In 1868 Eddowes was promoted to Surgeon and granted sick furlough, leaving an Assistant Surgeon to tend the Empire’s soldiers. Upon his return, Eddowes wished to take charge of the E.I.F. in ‘Deolee’ (Deoli or Devli) in the Tonk district of Rajpootana, when its doctor, Surgeon Major De Fabeck, went on leave. His request was granted by the Military Secretary to the Viceroy, enjoying the delights of the cool Simla hills. It came with the added responsibility of the healthcare of Harrowtree’s Political Agency. I could not find Harrowtree anywhere (other than tree surgeons from Harrow). Perhaps it was the distortion of an Indian name.

Although Eddowes’ responsibilities weighed heavily on his epaulettes, he did manage to find the time to go shooting – be it painted partridges or photos of architectural interest.
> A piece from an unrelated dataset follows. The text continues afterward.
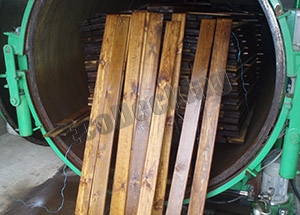 В начале подсушенная древесина помещается для обработки в специализированную камеру, в которой создается вакуумная среда. На этом этапе из структуры древесины выдавливается воздух и остатки влаги.

An active member of the Asiatic Society, he swapped the heat of the desert for the cool oasis of Mount Abu – the only hill station in Rajpootana – to take photos of Jain temples for the government’s archives on Indian architecture.


Jainism is an ancient Indian religion which began life around the same time as Buddhism – 5th Century BC – in the same place – Bihar. It aims to achieve liberation of the soul and its most fundamental principle, Ahimsa (non-violence), was adopted by Mahatma Gandhi for the freedom movement. Mount Abu is situated 185 kilometres west of the city of Udaipur. It contains the spectacular Dilwara Jain Temples – a complex of five temples, carved in white marble and situated on a hill. The intricately carved temples date back to 1031.
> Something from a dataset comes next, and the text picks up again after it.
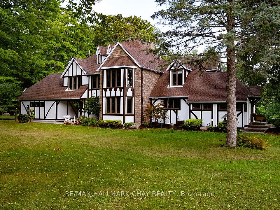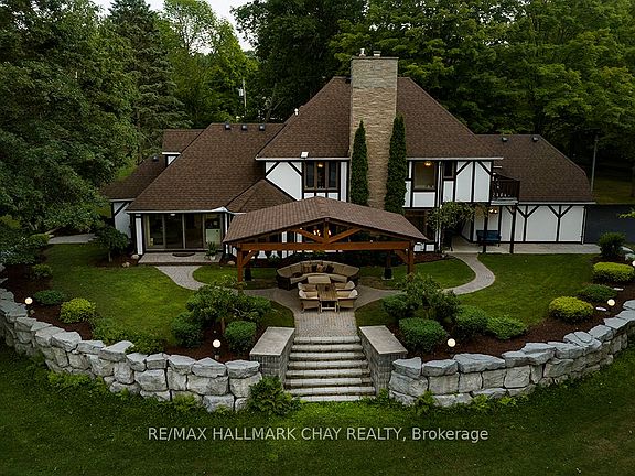 Exquisite English Tudor Estate 3.785 Acres of Panoramic Beauty in Rural Tay Township. Custom-built architectural gem on a private cul-de-sac, surrounded by nature. Offering a sense of seclusion & grandeur that is truly a one-of-a-kind. Designed for comfort & elegance, the home features dual-zone propane forced-air furnaces, upgraded insulation, & near floor-to-ceiling windows that frame year-round views of the park like setting.Gourmet kitchen is a chefs dream with granite counters, JennAir built-in double ovens, JennAir stovetop island, stainless appliances & a spacious 2nd large island connecting seamlessly to the dining & sitting rooms. Luxury double doors lead to an expansive terrace with 2 bbq hookups & a custom 15' x 21' pavilion overlooking manicured grounds.The back property, an incredible blank canvas for your ultimate outdoor oasis. Whether you dream of a pool, cabana, outdoor kitchen, or another entertainment feature, bring your vision to life here.Inviting living room offers a stone propane fireplace & walkout to both the breezeway & terrace. The elegant spiral staircase leads to 4 upper level bedrooms, incl the primary suite with walk-in closet, spa inspired ensuite with oversized jet soaker tub, heated floor & Juliet balcony. The main floor offers a versatile 5th bedroom, originally used as an office, plus a well-appointed laundry room with abundant storage.Finished lower level features a theatre room, exercise space & display of art with endless possibilities to customize to your needs. Highlights incl. a heated dble garage & a location where the school bus drives along the st.Enjoy an easy commute via nearby Hwy 400 & a central location 30 min to Barrie & Orillia & 15 min to Midland. Go snowmobiling from your front door. An exceptional blend of timeless craftsmanship, modern luxury, ideal for the discerning buyer seeking both sophistication & a perfect setting to raise a family & entertaining guests. Don't miss out!

Surgeon Major Eddowes momentarily put down his scalpel and camera to marry Grace Agnes Annette (of whom little is known). The couple moved to Dehradun in the pleasant Doon Valley and within easy reach of the hill station of Mussoorie. Eddowes took medical charge of the regiment in 1876 before leaving for special duty to the Delhi Durbar (Imperial Assemblage) of 1877 to proclaim Queen Victoria as Empress of India.

During the second Afghan campaign of 1878-79, while Eddowes was tending the wounded of the 2nd Gurkhas, Grace was giving birth to her first child. Born in February 1878, the baby was named . . . William.

Soon after, Eddowes was granted sick furlough and retired to Ireland where the family lived in 35 Park Avenue in Sandymount, Dublin. It was here that Surgeon Major William Eddowes died in January 1880.  He was only 52 and left behind a young widow and two-year-old son.  The grieving Grace Agnes Annette’s words on her husband’s grave in Deansgrange Cemetery said it all . . .

There is a bittersweet post script to Eddowes’ story – in September of 1880, Grace gave birth to their second son, Henry Cyril.
Soon after, she took the boys to England and settled in Bedford. In 1891 she applied for debtor’s discharge and appeared under Notices of Intended Dividends until 1900. She probably died after that but it is not known where she is buried.

I shall continue the Eddowes story with the sons, one of whom had a military career more remarkable than his father’s.


In the best of Indian traditions, PO Gurkhas underwent many reincarnations (although it had nothing to do with Karma). Raised in 1815 as the Sirmoor Battalion, by 1825 it was parading first as 8th (Sirmoor) Local Battalion, (‘local’ being a euphemism for ‘irregular’) and then 6th.

It saw action in the Maratha and Sikh wars. In the Indian Mutiny of 1857, it fought in Delhi alongside the 60th Rifles and Corps of Guides Infantry. The regiment’s loyalty to the British during the Mutiny won it the honour of becoming the Sirmoor Rifle Regiment and its sepoys were elevated to ‘riflemen’.

In 1861 it was re-titled 2nd Gurkha (Sirmoor Rifle) Regiment. Fifteen years later, the regiment acquired a royal connection and became 2nd (Prince of Wales Own) Gurkha Regiment, with the future King Edward VII as its Colonel-in-Chief.